La questione centrale ruotava attorno alla corretta interpretazione della categoria di beni ammissibili al credito d’imposta per il Mezzogiorno. In particolare, l’Agenzia delle Entrate aveva escluso beni come comodini con alzatine, armadi-degenza e tavoli con gambe in acciaio, ritenendoli semplici arredi non ammissibili all’agevolazione.

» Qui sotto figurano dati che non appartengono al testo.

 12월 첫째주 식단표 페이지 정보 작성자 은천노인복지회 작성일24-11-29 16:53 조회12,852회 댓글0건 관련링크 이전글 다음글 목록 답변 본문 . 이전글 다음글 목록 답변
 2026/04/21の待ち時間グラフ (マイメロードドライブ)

Tuttavia, la Corte ha stabilito che tali beni non possono essere considerati arredi, ma attrezzature essenziali per l’attività della società, e come tali devono essere inclusi nel credito d’imposta.
Nel motivare la decisione, la Cgt di Messina ha evidenziato che la società ricorrente ha «correttamente ritenuto che gli investimenti esclusi dall’Ufficio, oltre ad essere tipici cespiti per questa attività, sono beni fondamentali per lo svolgimento dell’attività d’impresa, per cui hanno un ruolo centrale e forniscono utilità alla funzione principale di produzione del reddito d’impresa». In quanto necessari per la degenza dei pazienti, tali beni «non possono essere classificati nella categoria “altri beni”, ma devono rientrare nelle attrezzature varie».

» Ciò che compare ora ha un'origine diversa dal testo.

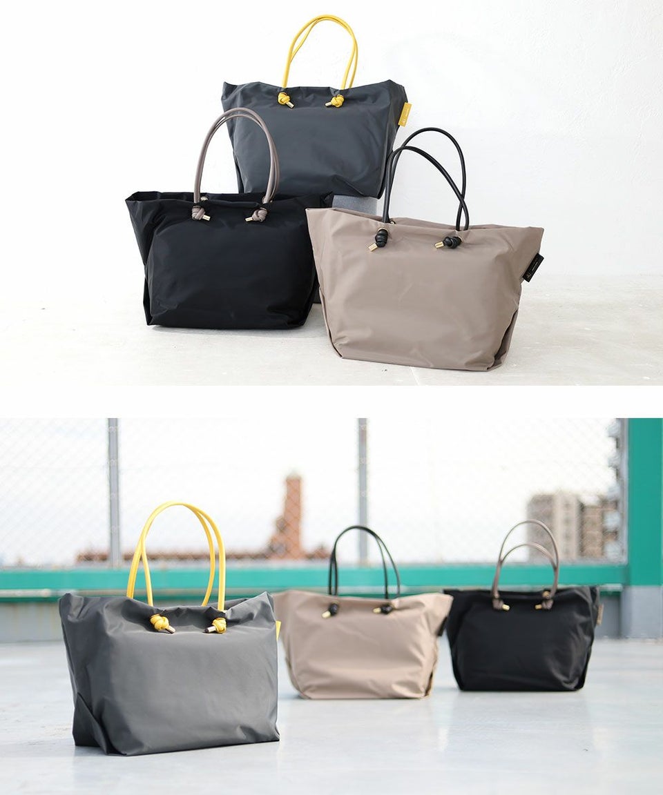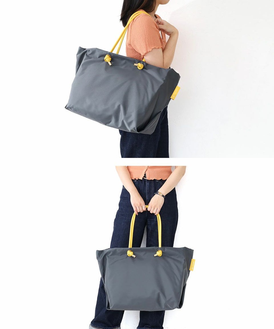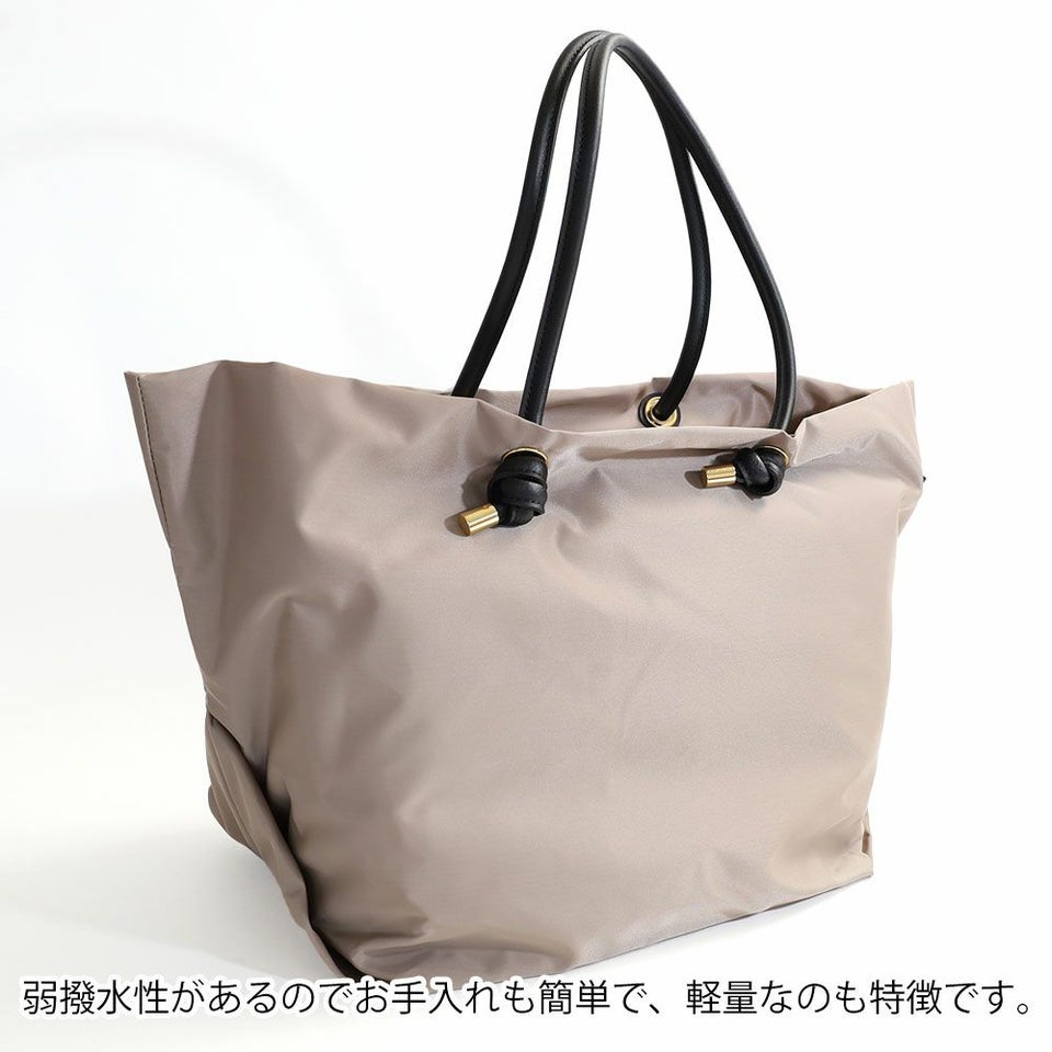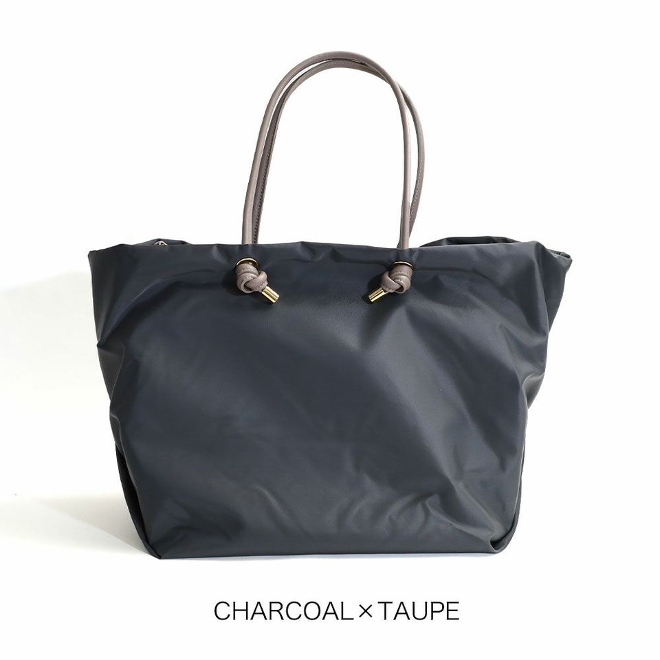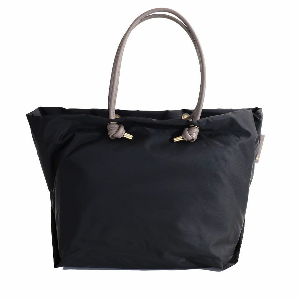シンプルなデザインのボディにノットハンドルがアクセントになったトートバッグのLサイズ。

Salvatore Lo Bue, difensore della società ricorrente e Ceo di Ransomtax, ha commentato: «Questa sentenza rappresenta un importante traguardo nella corretta applicazione del credito d’imposta per il Mezzogiorno, rispetto allo storico orientamento di carattere opposto assunto dall’amministrazione finanziaria. La decisione della Corte sottolinea l’importanza di un’interpretazione chiara e coerente delle norme, ponendo la giusta enfasi sulla tipologia di “utilità” che i beni strumentali possono fornire all’unità produttiva, riconoscendone quindi, nel caso specifico, l’essenzialità per lo svolgimento dell’attività in favore di anziani e disabili».

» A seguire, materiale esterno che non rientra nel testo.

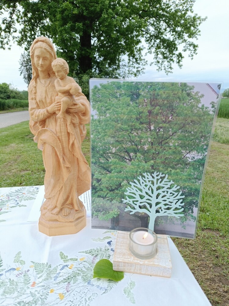 Besonders schön ist dieser Platz, weil er von großen und alten Bäumen umgeben ist. In dieser Andacht baute ich eine Brücke von der Linde, die mein Geburtstagsbaum und die Pflanze des Jahres 2025 ist, und Maria, die fest verwurzelt im Vertrauen zu Gott die Schätze des Himmels empfängt, und Gott sichtbar und spürbar in unsere Lebenswelt hineinträgt.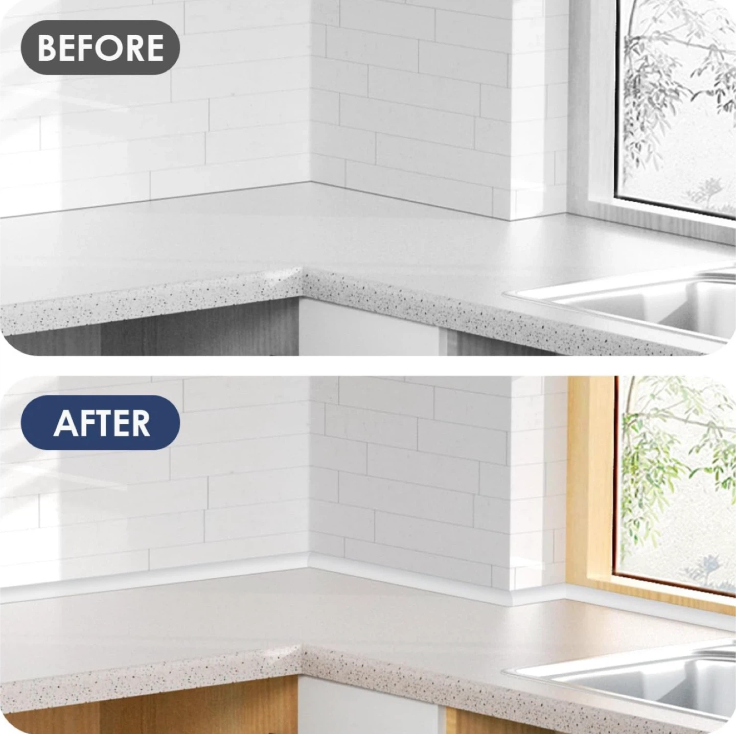 A roll of 158” Pattengo flexible round molding! It's white, easy to clean and cut, soft, self adhesive, flexible, and water resistant.

Lo Bue ha poi aggiunto: «Tali investimenti erano stati erroneamente esclusi dall’Agenzia delle Entrate in quanto qualificabili nella categoria “altri beni” del bilancio civilistico, secondo un’interpretazione ancorata al dettato normativo di una analoga misura agevolativa. È una vittoria non solo per la società che abbiamo difeso, ma per tutte le imprese i cui investimenti, seppur di carattere strumentale, non vengono considerati contabilmente imputabili alla voce “impianti, attrezzature e macchinari”, bensì alla voce “altri beni” e quindi non ammissibili al credito d’imposta. Un principio su cui abbiamo sempre creduto – ha concluso – tutelando i diritti delle aziende per garantire che le opportunità di finanza agevolata siano accessibili a chi ne abbia diritto».
La sentenza della Corte di Giustizia Tributaria di Messina potrebbe avere un impatto rilevante sulle future controversie riguardanti il credito d’imposta per il Mezzogiorno, offrendo un importante precedente a favore delle tante imprese del Sud Italia che operano in settori come quello socio-assistenziale o alberghiero. Molte di queste aziende hanno già ricevuto, o potrebbero ricevere in futuro, contestazioni simili a quelle affrontate in questo caso.